Self Directed Reading -AP themes in earlier levels.

Reading advances vocabulary acquisition more than other activities.  One can find multiple examples of this even outside of Krashen’s research.  If you haven’t already started a Self Directed Reading program or another form of a classroom reading program, make sure you do soon.  But for those who have, as we build our libraries we can start to create programs within our reading program.  As students develop reading habits and procedures, some may start to create goals for where their reading might take them.  Many students with Latin want to take the AP Latin course.  Below as an attempt to prioritize titles from our Latin reading library that will lead students to exposure to themes in Classical literature and on the AP reading syllabus.  I will add titles as I read and review them.  All thoughts about how each title fits into a pre-AP reading program are my own that are connected to my observations of students reading and progressing through our Latin program.

Rufus et Arma Atra – A title that can be read early on in a Latin learner’s journey.  Offers a narrative centered around weapons and the city of Rome.  Appropriate for a learner after a small amount of direct instruction as the title shelters vocabulary to create a true novice reader.

Familia Mala:  Saturnus et Iuppiter – I’ve watched many Latin 1 students read this title late in the year.  It introduces the story of Jupiter and appeals to students who are interested in mythology.  In turn, the title introduces the early reader to how the gods interacted, which happens often in the Aeneid.

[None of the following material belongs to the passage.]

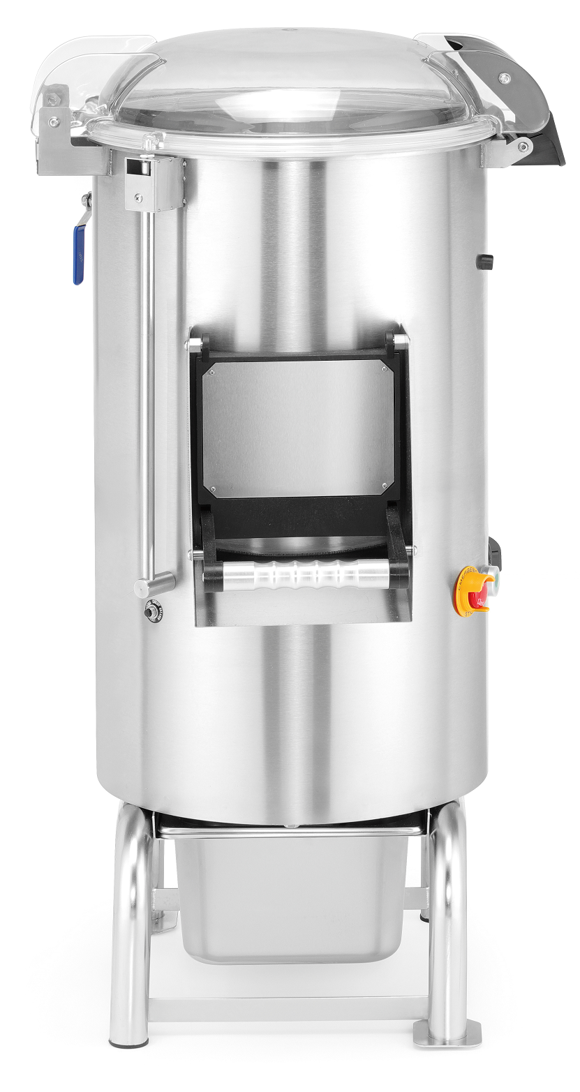 - Wyposażony w przyłącze do świeżej wody i odpływu, do płukania ziemniaków podczas obierania

Ego, Polyphemus – We read this title as a class novel in Latin 2.  Some Latin 1 students enjoy it as they read the Odyssey in their Language Arts classes.  Vocabulary is sheltered but expanded to tell Polyphemus’ story.  There are obvious connections to the Aeneid.  This title seems most suitable for a Latin 1 or 2 student who has read a few easier titles from level A in the Self Directed Reading section.

Pluto:  Fabula Amoris – This title fits Latin 2 well in my situation as we look at individual characters of the gods with specific stories and activities.  Most Latin 2 students will handle this story well which does change time frames quite often.  The introduction to the underworld offers the student a chance to connect to the Roman underworld before the complex readings of book 6 of the Aeneid during the AP Latin year.

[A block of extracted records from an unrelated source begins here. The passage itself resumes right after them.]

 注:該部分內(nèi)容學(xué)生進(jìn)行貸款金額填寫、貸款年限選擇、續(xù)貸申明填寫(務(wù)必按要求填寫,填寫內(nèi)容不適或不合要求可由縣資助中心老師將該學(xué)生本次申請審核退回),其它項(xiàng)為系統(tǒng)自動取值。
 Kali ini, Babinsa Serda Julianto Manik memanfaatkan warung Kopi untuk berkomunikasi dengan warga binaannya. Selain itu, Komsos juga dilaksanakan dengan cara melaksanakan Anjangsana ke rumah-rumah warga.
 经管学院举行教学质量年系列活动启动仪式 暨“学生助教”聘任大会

Eurydice – Written by the same author as Pluto:  Fabula Amoris, this title leads the reader into more depth in respect to the underworld.  We also see humans interacting with the gods in ways that relate to Aeneas, especially in his quest to make it to the underworld in book 6 of the Aeneid.

Sacri Pulli – Although this title doesn’t cover the historical period during Julius Caesar’s time, it does offer the student a readable story line connect to Roman history.  Also, it offers a connection to the great city of Carthage, a common underlying theme within the Aeneid.  Many Latin 2 students have gravitated to this title.  The change in perspectives and timeframes may confuse the novice learner not yet ready to emerge into the intermediate level.

Charybdis:  capellus valde esuriens – This title seems a silly story with a household goat at the center.  But it offers an experience of a gurges which beautifully connects the idea to a Latin reader who is at least emerging into the intermediate level.

Tiberius et Gallisena UltimaMagister P created a simple story that brings much for the Caesar portion of the AP reading syllabus.  Some of Caesar’s description of Gaul, a mysterious Druid and wandering in an unknown land all in a story that is readable for students who have emerged into the intermediate level.

Itinera Petri: Flammae Ducent – Itinera Petri is suitable for readers who have demonstrated understanding of intermediate level language for awhile.  Although this title centers around a story of fantasy there are numerous connections to themes in Classical literature.  Peter goes on a journey with recognizable connections to Aeneas’ journey after the Trojan War.